In a scathing attack on technology companies and ISPs at the MIDEM conference in Cannes, he begins with an insight into the root causes of the record industry’s woes:
It’s interesting to look at the character of the individuals who built the industries that resulted from the arrival of the microprocessor. Most of them came out of the so-called counterculture on the west coast of America. Their values were hippy values…. And embedded deep down in the brilliance of those entrepreneurial, hippy values seems to be a disregard for the true value of music.
Um. OK. He carries on.
So what has gone wrong with the recorded music business? More people are listening to music than ever before through many more media than ever before. Part of the problem is that the record companies, through lack of foresight and poor planning, allowed an entire collection of digital industries to arise that enabled the consumer to steal with impunity the very recorded music that had previously been paid for.
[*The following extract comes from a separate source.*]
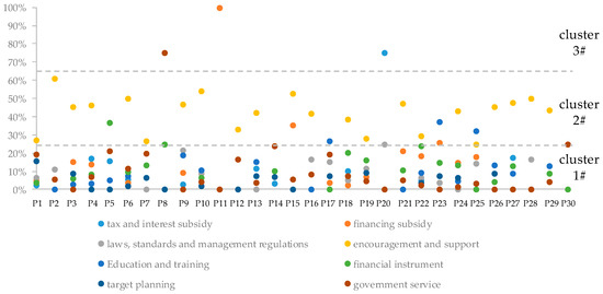 The intervals of Clusters 1, 2, and 3 are 0 to 25%, 25% to 65%, and 65% to 100%, respectively. Most nodes (83.75%) are in Cluster 1. Cluster 2 is mainly composed of the encouraging and supporting nodes, indicating their effectiveness. Specifically, the standard deviation of financing subsidy (0.183) is the largest among the eight policy tools using variance analysis. On the contrary, the standard deviation of target planning (0.055) is the smallest. The cluster ranges are the constraint functions (Equation (4)).

The industry missed the boat on the possibilities of digital reproduction and distribution of their content, though it’s not immediately clear which industries he means. Napster?
However he continues
Today, there’s a bigger issue and it’s about the whole relationship between the music and the technology business. Network operators, in particular, have for too long had a free ride on music – on our clients’ content. It’s time for a new approach - time for ISPs to start taking responsibility for the content they’ve profited from for years.
…I’ve met a lot of today’s heroes of Silicon Valley. Most of them don’t really think of themselves as makers of burglary kits. They say “You can use this stuff to email your friends and store and share your photos”. But we all know that there’s more to it than that, don’t we? Kids don’t pay $25 a month for broadband just to share their photos, do their homework and email their pals.
“…ISPs, Telcos and tech companies have enjoyed a bonanza in the last few years off the back of recorded music content. It is time for them to share that with artists and content owners.”
The stupidity of these statements is simply mind-boggling. The first of his fundamental misunderstandings is that ISPs’ main reason for success is that people have signed up for dial-up and broadband packages mainly to download music. Cause like, there’s nothing else to do with an Internet connection right? There’s no online gaming industry, no home shopping, no Internet banking, no MyFaceFriendsterbooks, no email, no fascinating blogs to read, no instant messaging…
Most of the rest of his speech revolves around this frankly daft premise.
He continues with more lack of understanding,
The legal precedent that device-makers and pipe and network owners should not be held accountable for any criminal activity enabled by their devices and services has been enormously damaging to content owners and developing artists. If you were publishing a magazine that was advertising stolen cars, processing payments for them and arranging delivery of them you’d expect to get a visit from the police wouldn’t you?
ISPs don’t publish the magazine – the better analogy is that they are the post office distributing it. But by the same logic, should the post office be held accountable for and have to pay a percentage of their revenues due to people posting copied CDs to their friends? Should the post office open all of your mail in transit and read it to ensure you aren’t doing anything illegal? This can go further for “criminal activity enabled by devices” – should Ford or BMW be held accountable for people using their cars as getaway vehicles in bank robberies? Should they pay a percentage of their profits to the banks to offset their losses as their devices were used in ‘criminal activity’?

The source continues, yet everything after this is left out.